● How to complete this task:
Once the line with "首先,我们点击电脑桌面左下角的微软按钮,弹出的界面,我们点击设置;" is found in the entries below, repeat it and each following line exactly, up to and including the line with "(b)所示為DC-DC輸出8". Add no other lines.

● Available records:
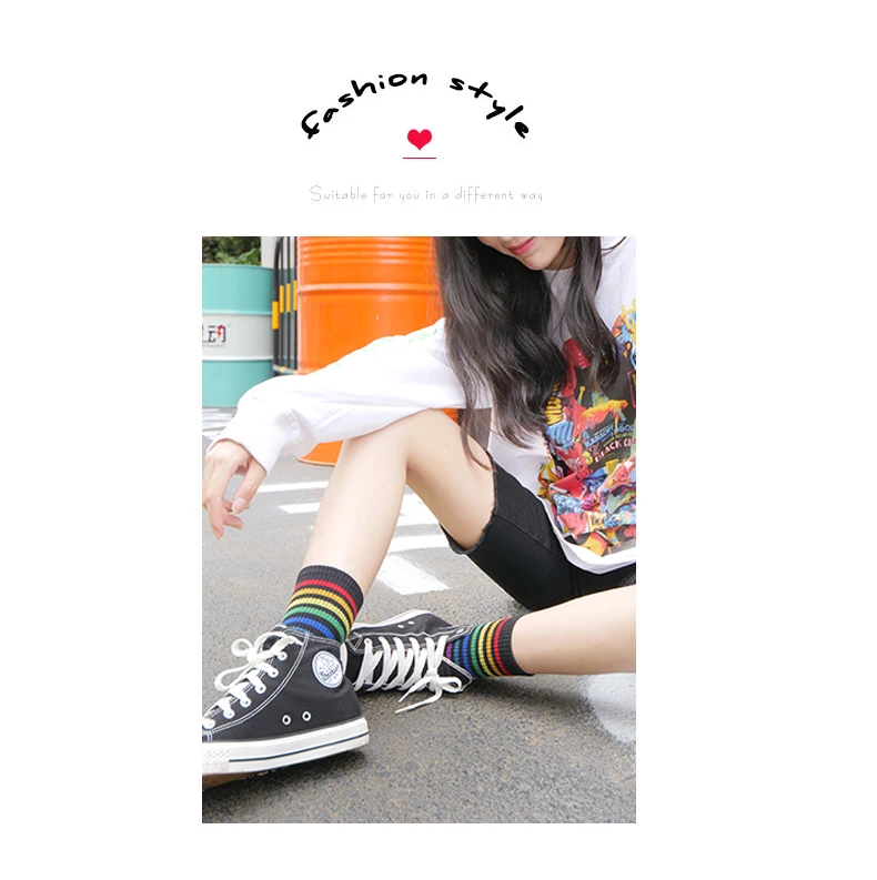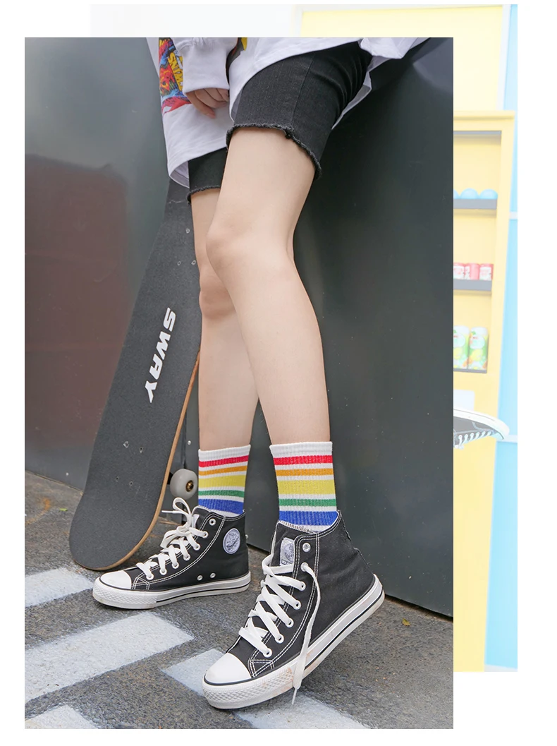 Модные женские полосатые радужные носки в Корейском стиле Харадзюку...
---
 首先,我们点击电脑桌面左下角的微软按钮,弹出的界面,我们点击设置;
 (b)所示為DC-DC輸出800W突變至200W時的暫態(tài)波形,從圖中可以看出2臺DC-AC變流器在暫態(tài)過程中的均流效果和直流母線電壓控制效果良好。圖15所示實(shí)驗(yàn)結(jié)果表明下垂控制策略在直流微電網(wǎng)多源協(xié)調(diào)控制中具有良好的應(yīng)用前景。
==
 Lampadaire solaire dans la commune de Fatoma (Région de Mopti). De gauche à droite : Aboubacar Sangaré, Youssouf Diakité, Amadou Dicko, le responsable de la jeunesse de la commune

● Worked solution:
 首先,我们点击电脑桌面左下角的微软按钮,弹出的界面,我们点击设置;
 (b)所示為DC-DC輸出800W突變至200W時的暫態(tài)波形,從圖中可以看出2臺DC-AC變流器在暫態(tài)過程中的均流效果和直流母線電壓控制效果良好。圖15所示實(shí)驗(yàn)結(jié)果表明下垂控制策略在直流微電網(wǎng)多源協(xié)調(diào)控制中具有良好的應(yīng)用前景。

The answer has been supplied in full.